Só os tolos têm certeza.

Só os tolos têm certeza.

Só os tolos têm certeza! Esta frase é infinitamente vulgar, e só um tolo repetirá uma máxima tão mínima. Há, portanto, quem se arrisque a contender comigo nesse particular, todavia asseguro que alguns espíritos vivem uma eternidade para compreender que não se pode alcançar uma verdade sobre este mundo de eternas mudanças. Lembro-me que há pouco tempo tinha eu uma certa medida de convicção sobre vários assuntos e que agora sairam voando pela janela da dúvida. E por que cheguei a este parecer? Descobrir por exemplo que nem mesmo os mais conceituados filósofos, sequer se permitiam a uma meia-verdade, que nem mesmo a ciência lhes convencia sobre um assunto trivial. Ao passo que alimentamos nosso campo de visão, mais cego nos sentimos com relação ao todo; o universo físico não pode ser compreendido pela humanidade. Lendo Proust, não me lembro especificamente em que ponto, ele apresenta uma visão magnífica das contradições dos sentimentos humanos, embora trate de um tema que a meu ver não tenha muita relevância para filosofia, mesmo assim, me impressionou o fato dessa aplicação, quando ele deslindando as causas das confusões mentais de um louco ciumento,diz que ao fim de um pensamento excessivamente sem importância, sua personagem relaxar com a satisfação de quem conseguira desvendar o problema da imortalidade da alma. Entre outros temas que aflige a mente de um ser que pensar, este sem dúvida é o mais penoso. Reporto-me a este que tem machucado as vísceras daqueles que inocentemente procuram compreender o enigma mais sombrio que podemos conceber em tanto tempo de especulação mental. É, sem dúvida a nossa maior procura, desvendar a mente de Deus.

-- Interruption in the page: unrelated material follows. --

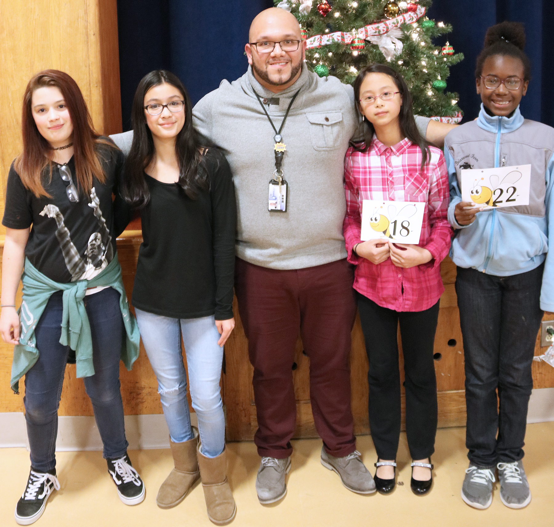 Riley spelling bee winners: Lauren Isham, Mackenzie Bennett, Angelia Lin and Kadae Hunley have advanced to the Oswego City School District spelling bee. They are standing with fifth grade teacher Nestor Aviles, who assisted with the school event.

Todavia é preciso dizer, e isso em alto e bom som, que por mais que evoluamos, por mais que a ciência desenterre os cadáveres dos deuses, por mais que o ser humano se decepcione com a magia da fé, por mais que aos quatro ventos grite a razão, haverá sempre uma maioria que preferirá não abrir os olhos para andar sem o auxilio dos ídolos, dos mitos, dos cegos que guiam cegos em troca de água e pão. É, portanto, uma batalhar insalubre, esta pugna do ser vivo com o não ser morto. O homem, como um todo, não conseguirá se livrar do seu maior e mais malévolo algoz: sua consciência, e por isso criou com sangue e lágrimas, não com barro, seus ídolos, seus deuses, sua crença e sua fé no sobrenatural. E por que isto se dar? Explico eu, embora contradizendo meu próprio parecer inicial.

Tendo certeza ou não, no que tange a tirania da consciência, posso eu até certo ponto advogar. Sendo humano e tendo os meus conflitos, compreendo que ser um homem racional é algo impossível em tempo integral, necessitamos vez por outra de um descanso, de uma pausa na labuta diária que requer de nós um grau altíssimo de estresse mental. Um ser que fosse eternamente metódico e racional não seria humano, seria um deus. Por isso veio nas nossas horas de ócio, quando fugíamos da realidade atroz, demos então a luz a um mundo menos penoso, criamos um estado igualitário onde pudéssemos nos refugiar depois da fuga das intempéries do mundo físico real. O nosso refúgio a nossas crenças.